I mean both inline and pancake.


----------



## JWSpeed (Jun 2, 2009)

I have been racing and selling T-jets/parts since 1963, and never seen a unglued stock t-jet arm until 10-15 years ago, bought some at a show and all of them were duds. 
It's good to know that the winding are not glued, this way people can check them before hand.


----------



## Bill Hall (Jan 6, 2007)

*Listen to Jim*

***** From the book of Srigs 

1. Not all arms were/are wound the same.

2. There was a period of time (AFX years) when the winds would really walk out.

3. The tendency is aggravated by guys who get off on prolonged over revving an electric motor with no load.

4. Many modern AW arms exhibit the bundle walking tendency.

5. Nail polish is a complete NONO because it is usually lacquer based and can kill or weaken the factory insulation.

6. Epoxy is the ticket for securing winds in an arm intended for hot rodding ... or stabilizing loose winds after the fact on a good armature you'd like to save.


******

To date: 

No wind shifting on Dash arms here, or reports elsewhere.

Jimmy Olsen


----------



## lenny (Feb 29, 2000)

Bill Hall said:


> ******
> 
> To date:
> 
> ...


lol:thumbsup:


----------



## Rich Dumas (Sep 3, 2008)

*More Testing*

Here are some more test results.
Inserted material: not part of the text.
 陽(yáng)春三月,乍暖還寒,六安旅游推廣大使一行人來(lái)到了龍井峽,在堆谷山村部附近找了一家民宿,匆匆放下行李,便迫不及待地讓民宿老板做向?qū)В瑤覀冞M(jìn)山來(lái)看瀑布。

Still no loose wires. The lap times are all for armatures in the same car, which is a T-Dash in SS trim. I did a quick check on the balance of several armatures, they range from good to just about perfect. I have an RT-HO magnetic balancer. By eye all of the armatures appear to be concentric with flat commutators. Unlike Aurora or JL/AW commutators they do not need to be polished.
If you already have some decent Aurora armatures the Dash 2 lamination armatures are not likely to make them obsolete. If your armatures are from late production Aurora chassis the Dash armatures are more likely to be better.


----------



## lenny (Feb 29, 2000)

Rich Dumas said:


> Here are some more test results. Still no loose wires. The lap times are all for armatures in the same car, which is a T-Dash in SS trim. I did a quick check on the balance of several armatures, they range from good to just about perfect. I have an RT-HO magnetic balancer. By eye all of the armatures appear to be concentric with flat commutators. Unlike Aurora or JL/AW commutators they do not need to be polished.
> If you already have some decent Aurora armatures the Dash 2 lamination armatures are not likely to make them obsolete. If your armatures are from late production Aurora chassis the Dash armatures are more likely to be better.
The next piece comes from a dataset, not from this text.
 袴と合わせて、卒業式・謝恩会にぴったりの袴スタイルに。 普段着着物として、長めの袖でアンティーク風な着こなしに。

so there is now a readily available, decently priced, competitive alternative to the existing 'standard'. I took the gamble and built it. Race groups need to step up now and allow these in their '2 lam 16 ohm' race classes...


----------



## slotcarman12078 (Oct 3, 2008)

I agree 100% Dan. Come one Fray guys!!! This will make it so much more affordable for everyone involved in sanctioned races!


----------



## Hittman101 (Oct 21, 2009)

That's what it sounds like..You did your part now they need to do there's!! I don't even race and I want some..


----------



## waltgpierce (Jul 9, 2005)

*1st race results*

We just finished the first race of our Fall Front Range HO (FRHO) club season. One of our racers built up a Super Stock (Fray rules) car using the DASH chassis and the DASH 2-lam armature. All other parts (gears, axles, front end, tires, etc) were aftermarket.
With the DASH chassis/2-lam armature, the racer took 3rd place out of twelve racers.
I would say for a new untried car, that is a very good, competitive result. 
The DASH chassis and 2-lam armatures seem to provide a good alternative to the original Aurora parts.


----------



## sidejobjon (Jun 3, 2010)

Dan,
Would a the OLD school Silver Laganke Commutator Fit? For a rewind?
Thanks SJJ


----------



## lenny (Feb 29, 2000)

sidejobjon said:


> Dan,
> Would a the OLD school Silver Laganke Commutator Fit? For a rewind?
> Thanks SJJ


no clue...


----------



## sidejobjon (Jun 3, 2010)

Lenny,
They are direct fit for Aurora , So would a Aurora comm fit?
Sorry to be pain
SJJ


----------



## lenny (Feb 29, 2000)

sidejobjon said:


> Lenny,
> They are direct fit for Aurora , So would a Aurora comm fit?
> Sorry to be pain
> SJJ


I really don't know.


----------



## JWSpeed (Jun 2, 2009)

Very nice armatures, it's sure nice not to have to go threw several just to find a great running one. These will bring similes to the guys in our small race club. I did find one armature that had one pole that was right at 16 ohms, all the rest were at 16.7/16.8. Looks like I will need to order a few more.


----------



## lenny (Feb 29, 2000)

JWSpeed said:


> Very nice armatures, it's sure nice not to have to go threw several just to find a great running one. These will bring similes to the guys in our small race club. I did find one armature that had one pole that was right at 16 ohms, all the rest were at 16.7/16.8. Looks like I will need to order a few more.


email me your address and I'll send you a replacement for that 'dud'...

[email protected]


----------



## JWSpeed (Jun 2, 2009)

lenny said:


> email me your address and I'll send you a replacement for that 'dud'...
> 
> [email protected]


Thanks for the offer, but I can still use the armature in a just for fun car.


----------